Some structures and tissues in C. elegans

We are undertaking a project to develop a pipeline that will automate the volumetric 3D reconstruction of tissues in a C. elegans embryo as they develop. The tissues we are interested in are the pharynx, muscle and hypodermis. Some of these can be seen at left using GFP and DsRed (Green and Red Flourescent Protein)

Volumetric 3D Reconstruction consists of generating a three dimensional model of an entity given a set of two dimensional images of that entity. Our data is in the form of 3D stacks of 2D images that are generated at points during embryogenesis (approximately 400 time points during the development of about 600 cells). We’ve developed a pipeline for segmenting this data into nuclear positions and applying shape models to generate a complete set of nuclear positions and cell sizes throughout development (see A hybrid blob-slice model for accurate and efficient detection of fluorescence labeled nuclei in 3D).The next step is to take this data and generate models of the tissues that are formed from these cells. What this process looks like is illustrated below. Here, a series of 2D images, analogous to our 2D slice images of nuclei, are used to generate a 3D model, like a pharynx model in C. elegans.

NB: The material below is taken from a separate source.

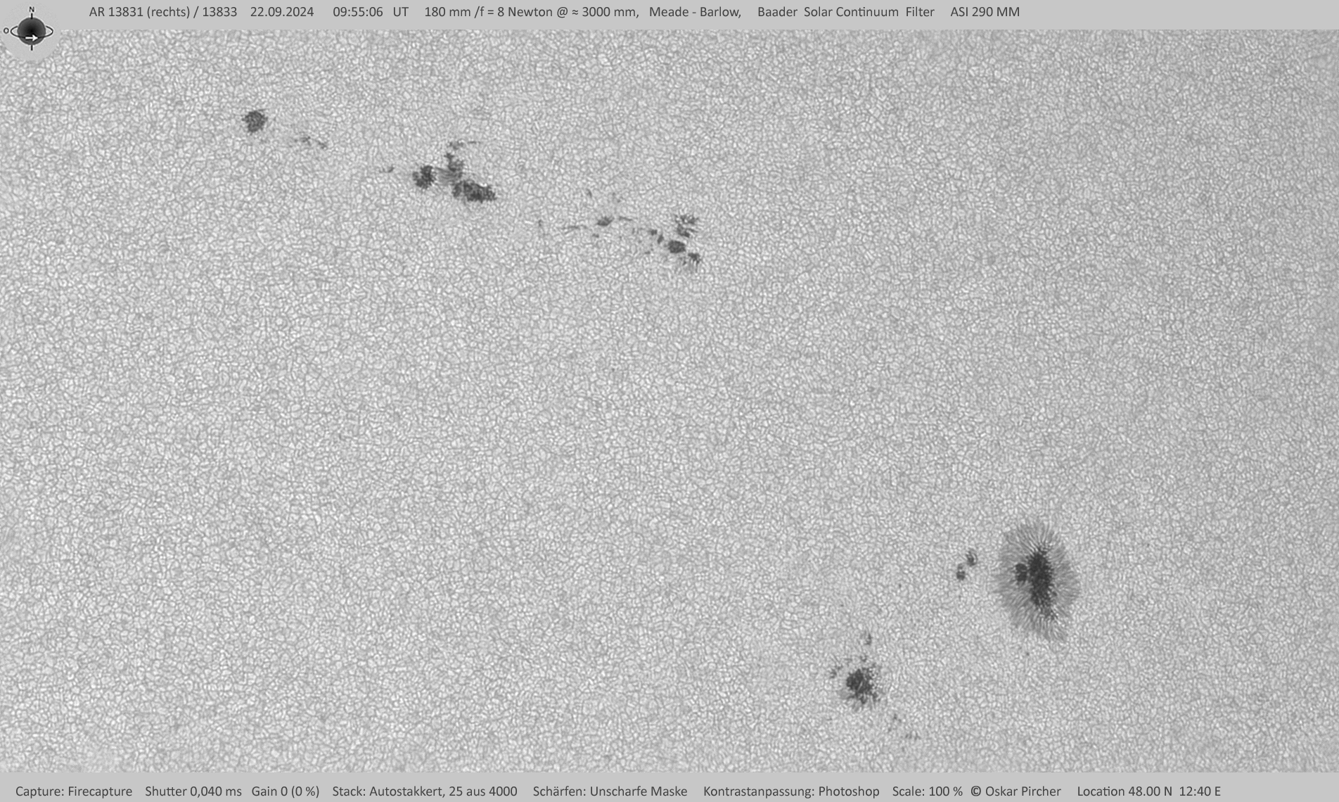Leserbilder Astronomie: AR 13831 und 13833 am 22. September 2024

An example of Volumetric 3D Reconstruction

In the realm of cellular microscopy data, tissue model generation is an open problem due to the variability of cell shapes within a single organism, volume of data in larger organisms, and the difficultly of generating clean, high quality images. As such, a variety of approaches must be attempted, and perhaps even different methods for different tissues employed. Approaches we intend to try include generating a convex hull from nuclear positions and other graph connectivity methods, looking more broadly at the dynamics of the tissues for segmentation as a whole unit, voronoi tessellations, and reimaging with a histone background to use nuclei as markers and their positions as seeds for masked membrane images to employ a watershed technique.

There are a number of heuristics which can be leveraged if the prospect of generating a tissue-agnostic pipeline becomes too lofty a goal. For example, the hypodermis establishes the basic body plan during embryogenesis, so active contours to find the boundaries of the embryo could prove effective. In addition, we might exploit the fact that hypodermal cells are only connected to their immediate neighbors, which could allow us to prune large sections of a tree of graph connectivity possibilities, or use a nearest neighbor algorithm (this would also address the challenge presented in the case of the hypodermis of a lack of information in the z direction since the tissue is so thin). In the case of the pharynx, it can be observed with the untrained human eye (if you know what cells to look at) that two parallel planes of cells elongate from their centroids in opposite directions, forming an ellipsoid-like shape. This suggests that we may be able to use a rough shape-model to generate this tissue model from nuclear positions, while using the same principle of proximal connectivity that is observed in the hypodermis. With the muscle, which forms along the walls of the inner tube of the organism, these same heuristics apply.

I’m starting this series as a way to track and remember a research project which my lab is very excited about. In addition, we have a deep commitment to open-source software and value the collaboration that we so often rely on in our line of work. I hope that those who follow this series (or even just read a single article) become inspired to embark on similar projects, give their advice and share their resources.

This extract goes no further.